Сердце разрывалось от боли, страданий и ещё больше мучила неизвестность. Последняя весточка от мужа пришла вместе с похоронкой на его старшего брата. Николай тогда писал, что сейчас он в Польше, был в плену, два раза бежал, ранен, из госпиталя попал на передовую... скучает по дому, детям...писал, что война скоро кончится... а через несколько месяцев пришла похоронка и на его младшего брата...
Катерина, подруга Надежды, получила страшную весть ещё в сорок третьем...осталась одна с тремя детьми...
Люди боялись почтальона и молились, чтобы тот не зашел к ним в дом.
Клава встретила своего в сорок пятом, правда без обеих ног, но зато живого. С войны привез гармошку, как начнет играть, бабы в слезы...
А вот от Николая никаких известий, а уж больше полугода прошло, как война кончилась...
Надежда пряталась от детей, плакала по ночам и молилась, пусть калека, больной, какой угодно, лишь бы живой...
Она встала и подошла к окну.
- Вроде луна уже полная, значит пора...
Она накинула платок и вышла во двор. Главное всё теперь сделать так, как велела Нюська.
Со звездного чистого неба на неё глядела лупастая круглолицая луна, освещая своим таинственным светом и двор, и колодец, и хату...
Надежда остановилась посреди двора и, повернув кольцо к луне, как велела Нюська, стала вглядываться в него. Кольцо блестело, и на его внутренней поверхности ничего не было видно, кроме самой же луны. Потом Надежде показалось, что появились какие-то тени и эти тени стали складываться в рисунок. И вот она уже видела как будто бы окно и перекладинки, как у окна.
- Точно, окно, окно и есть. Ох, хорошо, что не крест, значит, живым должен быть...
- Но почему ж окно? Неужели в чужой семье где-нибудь остался? А, может, и того хуже - в больнице или не дай Бог, в тюрьме?! - забеспокоилась она.
От этой мысли ноги её подкосились, и по сердцу что-то полоснуло, как острой косой.
Она бегом бросилась в сени, схватила кружку, зачерпнула холодной воды и стала жадно пить большими глотками.
- Ничего, ничего, главное, чтобы живой был... пусть и в тюрьме, ничего, дождемся. Может и посадили за то, что в плену был, но ведь бежал же, и потом ранен был и снова воевал...

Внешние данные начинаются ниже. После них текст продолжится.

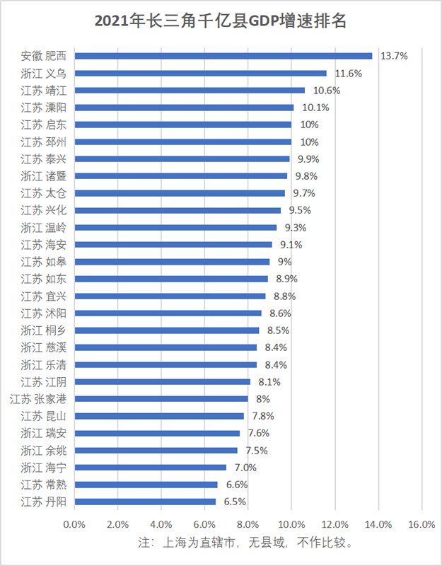 2021年長三角千億縣GDP增速排名(數據來源:各地政府網站)。制圖:方彭依夢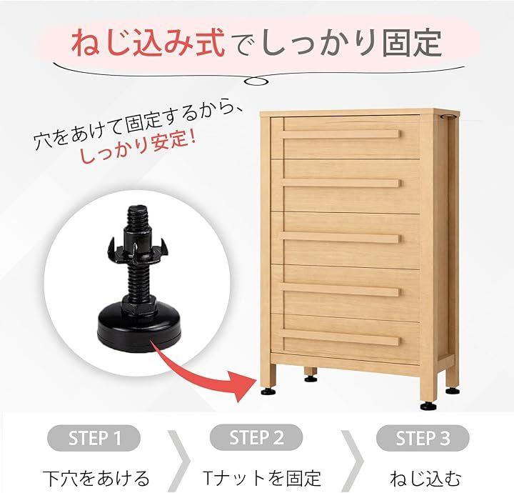 載せるだけの継ぎ脚と違いしっかり固定するため安定し、重い家具にも対応できます。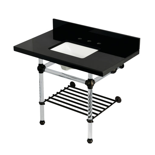 Kingston BrassKingston Tulare KVPK3630KASQB0 - Templeton 36-Inch Black Granite Console Sink with Acrylic Legs and Shelf (8-Inch, 3-Hole), Black Granite/Matte Bl...
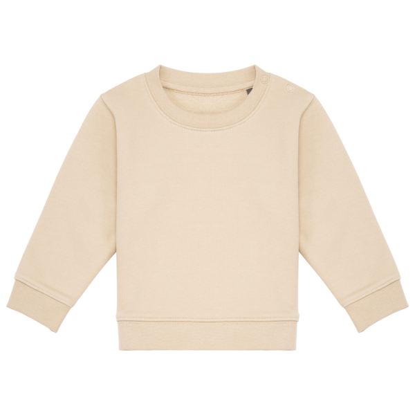 85% biologisch katoen / 15% post-consumer gerecycleerd polyester. Aan de binnenkant geborsteld fleece 3 draden. Enzymgewassen. Fitted pasvorm. 1x1 ribboord in buisconstructie voor een betere afwerking aan de hals, de mouwuiteinden en de onderkant. Kraag met 2 drukknopen (1 op de kraag en 1 op de schouder) voor gemakkelijk aantrekken. Ton-sur-ton nektape in jersey. Dubbel stiksel aan de mouwuiteinden, de onderkant en de hals. Geen merklabel in de kraag, maar enkel een maatlabel voor eenvoudige personalisatie.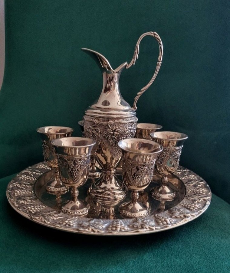 Gümüş sürahi ve altı adet bardak, işlemeli detaylı tepsi üzerinde yer almaktadır. zemzem takımı olarak kullanılabilir
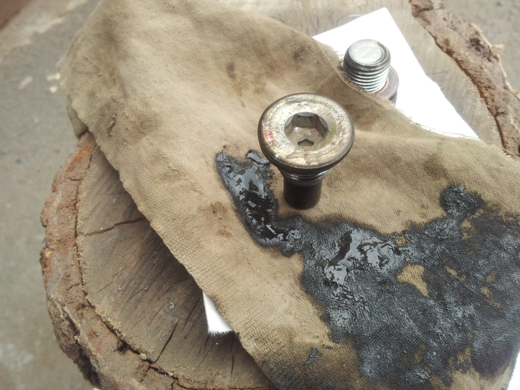 На сливной пробке металлическая пыль, немного осадка.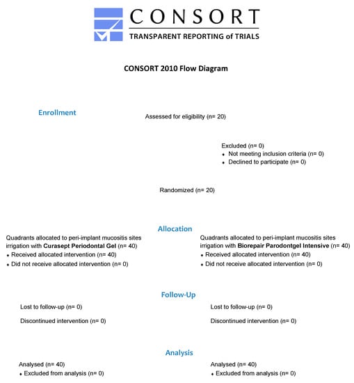 - Butera, A.; Gallo, S.; Pascadopoli, M.; Luraghi, G.; Scribante, A. Ozonized Water Administration in Peri-Implant Mucositis Sites: A Randomized Clinical Trial. Appl. Sci. 2021, 11, 7812. [Google Scholar] [CrossRef]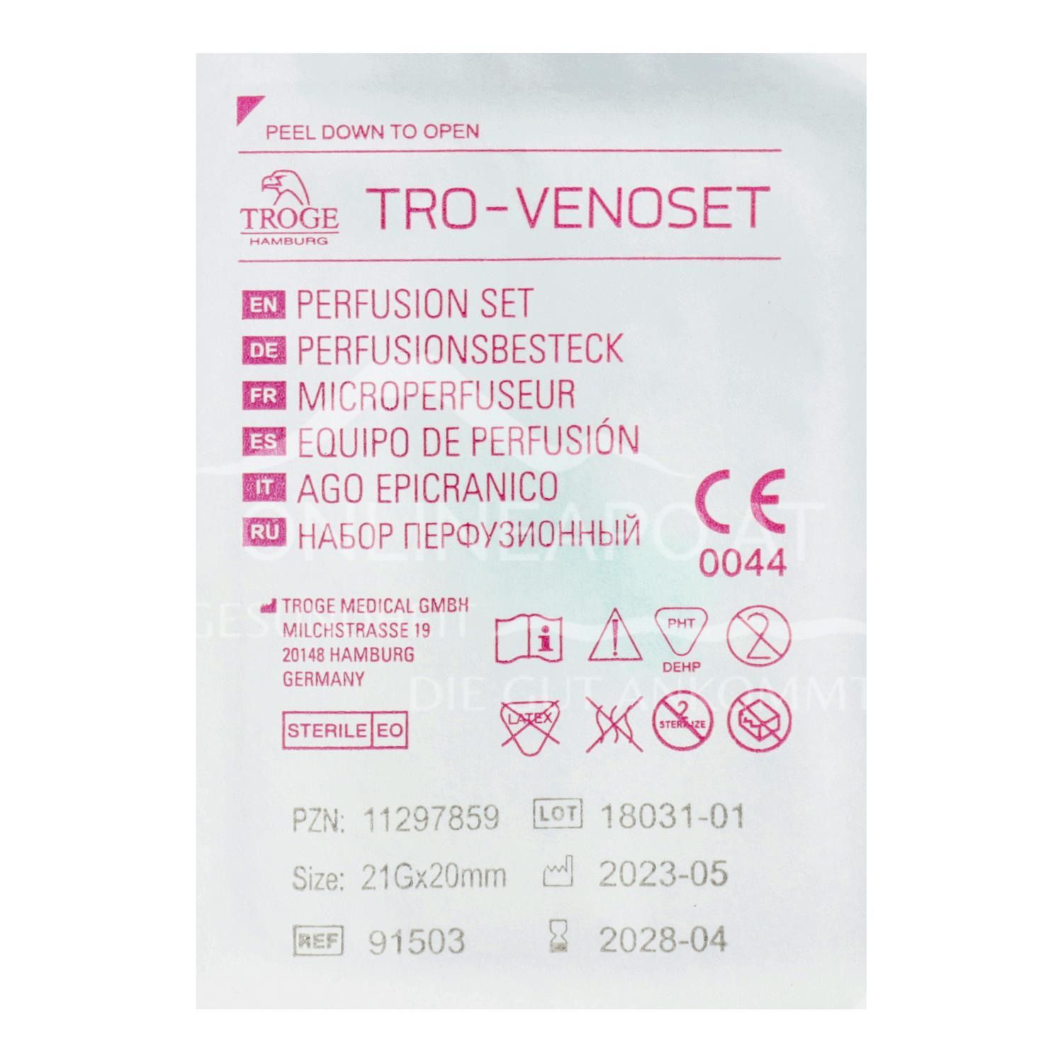 The TRO-VENOSET perfusion set is a sterile, pyrogen-free and atoxic medical device for the intravenous administration of medication, blood products and nutrient solutions.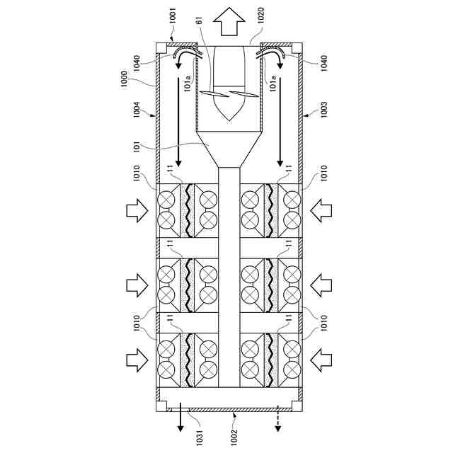 第2の開示は、請求項1に記載の二酸化炭素回収装置(1)において、前記分流部(1040)は、分流した気体によって前記外装体(1000)内に気体の流れを生じさせること、を特徴とする二酸化炭素回収装置(1)である。

Она прилегла, не раздеваясь, и всё время молилась, чтобы только живым был.
Усталость взяла своё, и Надежда заснула, но даже во сне ей снилась то больница, то окно с решетками в тюрьме, то будто снова немецкие танки шли по улицам, и автоматчики ...
и страшно воющие, угрожающие "не...су...не...су..." бомбардировщики... а она бежала куда-то, искала детей, закрывала их собой и все время мучилась, чем же завтра будет их кормить...
Её разбудил стук в окно. Светало. На улице кто-то стоял, вглядываясь в темную хату.
Надежда прильнула к стеклу.
- Господи... Николка...
Лицо Николая было совсем близко, заросшее щетиной, худое, но такое родное...
-Николка, ты?
-Я, я, Надежка, я...
Она бросилась в сени, и распахнула двери...
На пороге стоял он, её Николка, измученный, грязный, худющий, весь перевязанный, но живой!
Она бросилась к нему на шею, стала обнимать, потом отбежала в хату, закричала: "Дети, дети, вставайте, отец вернулся... ", потом снова бросилась к нему, стала стаскивать шинель, схватила котомку, потом снова к детям...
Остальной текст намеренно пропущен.